From: Kate Distin (memes@distin.co.uk)
Date: Tue 15 Mar 2005 - 16:10:03 GMT
Vincent Campbell wrote:
>You should check out the archives of the list for some lambasting of
>Aunger's book. I must admit it quite put me off reading it- as most of the
>criticism was very neuroscience, and beyond me, so I thought I couldn't read
>it without worrying that it sounded ok to me, but probably wasn't.
>
>Actually if you go further back into the archives you'll find lambasting of
>Blackmore's and Lynch's books too.
>
>
I suppose I should brace myself!
>So where are you in the 'what are memes?' war- memes in the mind? memes in
>behaviour? memes in artefacts? some combination of the lot? memes as merely
>a metaphor? memes as a crazy, silly idea thought up by people with nothing
>better to do in their lives?
>
>
Not crazy, not silly and probably not merely a metaphor. Having started
out as a memes-agnostic, exploring the idea as an intellectual exercise
more than anything, I am now much more of a realist about them.

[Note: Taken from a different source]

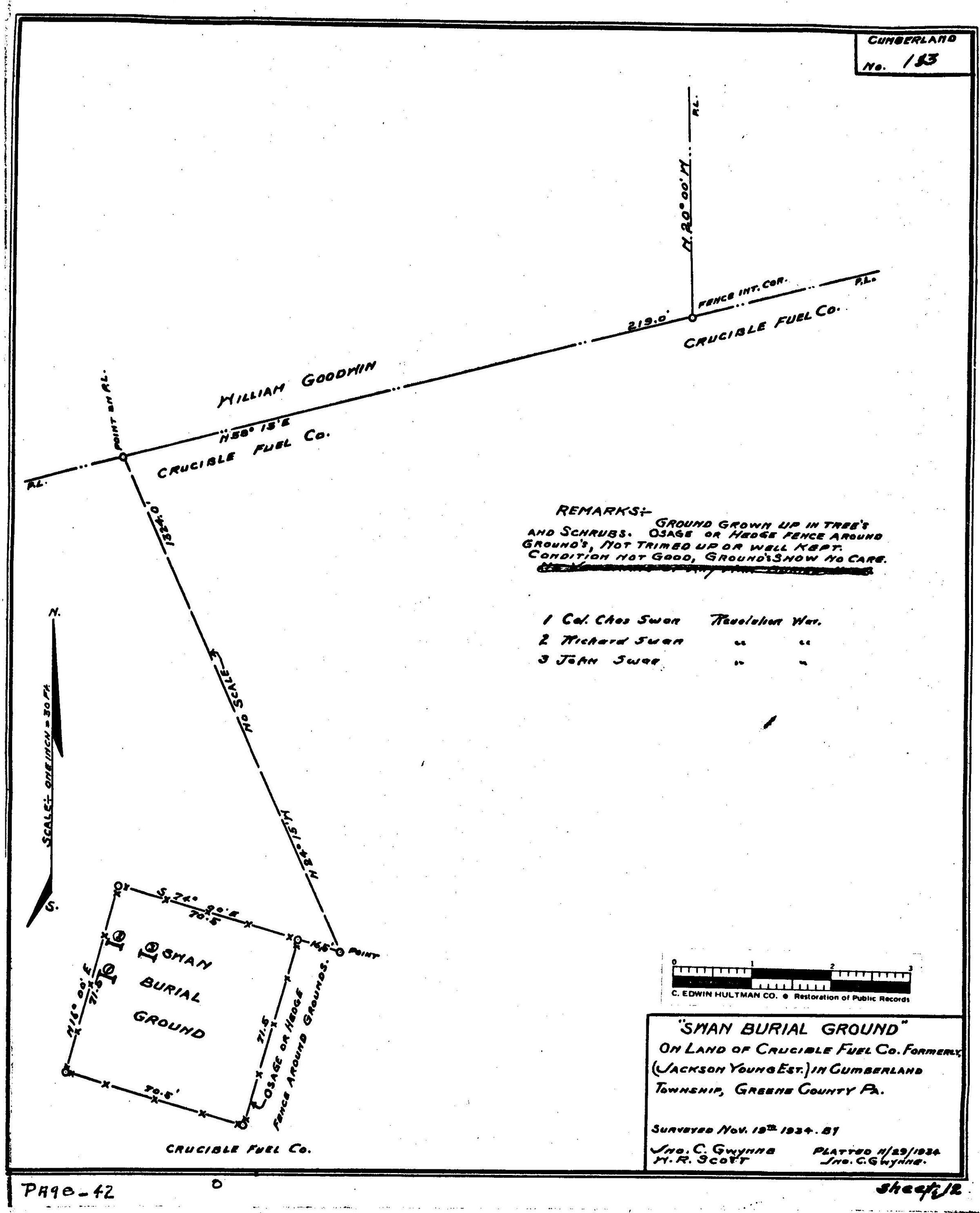 SOURCE CITATION: WPA Cemetery Plat - Pennsylvania - Greene County - Cumberland Township - Swan Cemetery (1934), item no. 2016.3.185, Cemetery Plat (WPA) Collection, surveyed by Works Projects Administration, copy on file at the Clerk of Courts Office, Greene County Courthouse, Greene Connections Archives Project (www.GreeneConnections.com).

Memes in the mind - yes. Memes in behaviour and/or artefacts - it
depends what you mean by "behaviour" and "artefacts": memes in artefacts
like books and CDs - definitely; memes in spoked wheels (to use one of
Dennett's examples) - no. Memes, on my view, are fundamentally
representational, so anything that isn't a representation can't be a
meme. This turns out to be a key point on which I disagree with Dennett
and Blackmore in particular, both of whom use a lot of examples based on
things that I don't see as memes at all. The other major point at which
our views diverge is their claim that the mind is a meme-complex. I
think we can have our cake and eat it: that memetics is compatible with
a conventional view of the conscious human mind.